Between the Sheets is a 2003 British television miniseries. This dramedy depicts the romantic and sexual challenges of several different couples who are all linked in some way.

Hazel Delany walks out on her husband, owner of a stripclub, hours after their daughter's wedding; she's upset with him because he has had a string of affairs, and he is dismayed by her disinterest in sex (and exasperated that his mother has a better relationship with her boyfriend than he and his wife do). Hazel and Peter eventually go to a sex therapist to overcome their difficulties.
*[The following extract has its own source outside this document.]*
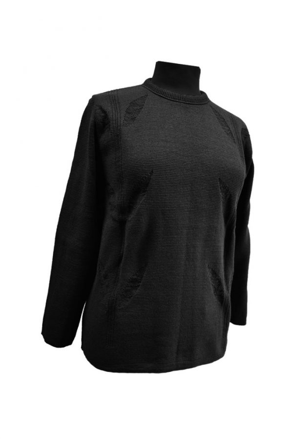Κλασική πλεκτή μπλούζα σε χρώμα μπλε σκούρο, με κλειστό λαιμό και διακριτικά πλεκτά σχέδια σε σχήμα φύλλου στο μπροστινό μέρος. Πολύ καλή ποιότητα και εφαρμογή. Σύνθεση 100% ακρυλικό, εληνικής εταιρείας FOX.

Peter is hiding a secret about one of his ex-mistresses, and Hazel has a sexual awakening in the arms of a younger man.

Hazel and Peter's son, Simon, has left a long-term relationship. After the ex tells Hazel that she is pregnant, Hazel pushes him to reconcile with and marry his girlfriend, but he's reluctant to do so, because he has fallen for one of his father's nightclub hostesses.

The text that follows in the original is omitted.